We want the script to do this for all the matches found on a week’s landing page. However, when clicking on a match and then returning to the overview for the week by clicking the browser’s “back” button, understat displays the current or last week of a season again. Therefore, after navigating to the desired week overview page, the elements to all the matches are found and the corresponding links are extracted and stored in a list. In a second step, the code iterates over this list of links to the matches, opens the links and extracts the match infos. The information is then stored in a list of dictionaries and returned by the function.

def scrape_page(browser):
    """
    :param browser: browser object, initialized by initialize_browser()
    :return: data for all matches from a "week overview" page
    """
    # initialize empty list for match data and links
    dicts = []
    links = []
    # get all matches from a page and save links
    matches = browser.find_elements_by_class_name("match-info")
    for m in range(len(matches)):
        links.append(matches[m].get_attribute("href"))
    for link in links:
        browser.get(link)
        matchInfos = scrape_match_infos(browser=browser)
        dicts.append(matchInfos)
    return dicts

Since we are now able to get all the data for one week, we want to apply this function to every week of the season. The “scrape_season” function defined below does exactly that. As an auxiliary step, the number of weeks in a season is counted by clicking through the whole season. The first week of a season is then accessed by clicking on the “prev week” button as many as times as there are weeks in the season, and all the match data for this week is extracted using the “scrape_page” function. After this step, the weeks counter is decreased by one, such that during the next iteration, the data for the second week of the season is extracted, and so on. This is done until the last week of a season is reached. All the gathered information is then combined into a single list and converted into a pandas DataFrame.

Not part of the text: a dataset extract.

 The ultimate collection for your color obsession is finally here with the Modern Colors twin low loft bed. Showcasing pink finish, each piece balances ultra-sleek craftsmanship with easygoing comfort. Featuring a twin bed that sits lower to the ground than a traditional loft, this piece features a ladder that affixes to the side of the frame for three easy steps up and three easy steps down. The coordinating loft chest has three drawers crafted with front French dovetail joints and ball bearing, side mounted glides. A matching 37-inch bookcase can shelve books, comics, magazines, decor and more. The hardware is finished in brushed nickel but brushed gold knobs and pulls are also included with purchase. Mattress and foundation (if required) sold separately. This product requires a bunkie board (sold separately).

def scrape_season(league, season, browser):
    """
    :param league: string - name of the league for which data is to be retrieved;
                   one out of ["EPL", "La_liga", "Bundesliga", "Serie_A", 
                               "Ligue_1", "RFPL"]
    :param season: list - seasons for which data should be collected
                    possible values: [2014, 2015, 2016, 2017, 2018, 2019]
    :param browser: browser object, initialized by initialize_browser()
    :return:
    """
    print("Getting data for {}: Season {}.".format(league, season))

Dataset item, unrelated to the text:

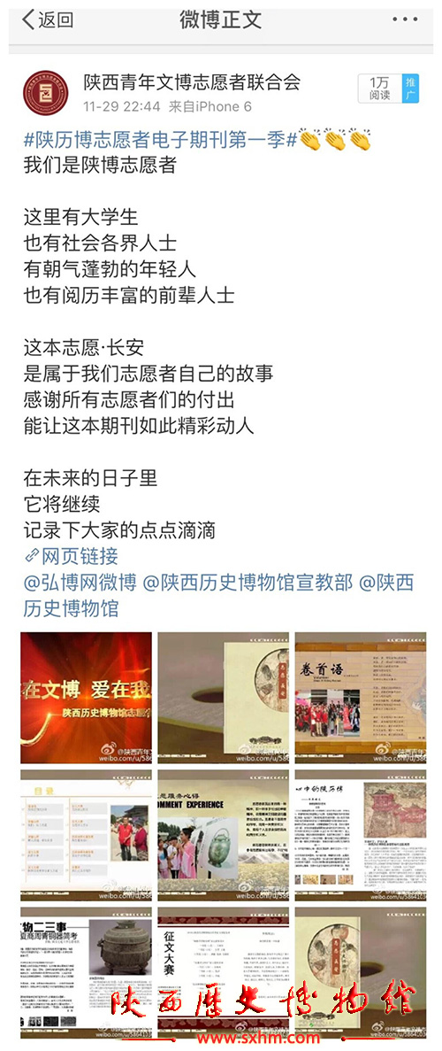 陕西青年文博志愿者联合会电子期刊是所有文博志愿者参与,面向社会公众推出的志愿者自主管理、创作的电子刊物,她的推出创新和完善了联合会微博服务体系的新格局,将文博志愿者的心越拉越近,也标志着陕西青年文博志愿者联合会的影响力日渐增强!我们也希望更多的志愿者用别样的文字讲述自己的志愿生活,积极投稿!日后,陕西青年文博志愿者联合会电子期刊会为公众送上更加精彩的内容。

    # initialize empty list for data storage
    allMatches = []

    # define url
    url = "https://understat.com/league/" + league + "/" + season

    # open landing page
    browser.get(url)

    # find button for previous week and next week
    prev_week = browser.find_element_by_class_name("calendar-prev")

    # go to the first week and store the number of pages per season
    numOfPages = 1
    while prev_week.is_enabled():
        numOfPages += 1
        prev_week.click()

    # scrape all the pages
    while numOfPages >= 1:
        browser.get(url)
        prev_week = browser.find_element_by_class_name("calendar-prev")
        for n in range(1, numOfPages):
            prev_week.click()
        matchday = scrape_page(browser=browser)
        allMatches.append(matchday)
        numOfPages -= 1

    allMatches = list(chain.from_iterable(allMatches))
    allMatches = pd.DataFrame(allMatches)
    allMatches["season"] = season
    allMatches["league"] = league
    return allMatches

3. Putting it all together

We now have all the functionality we need to scrape a whole season. The only thing left now is a simple wrapper function, which can be used to scrape multiple seasons of a league. This function takes a league, a browser object and a list of seasons as inputs, iterates through all the seasons in the list and scrapes each of those. The data is then combined into a single DataFrame and returned.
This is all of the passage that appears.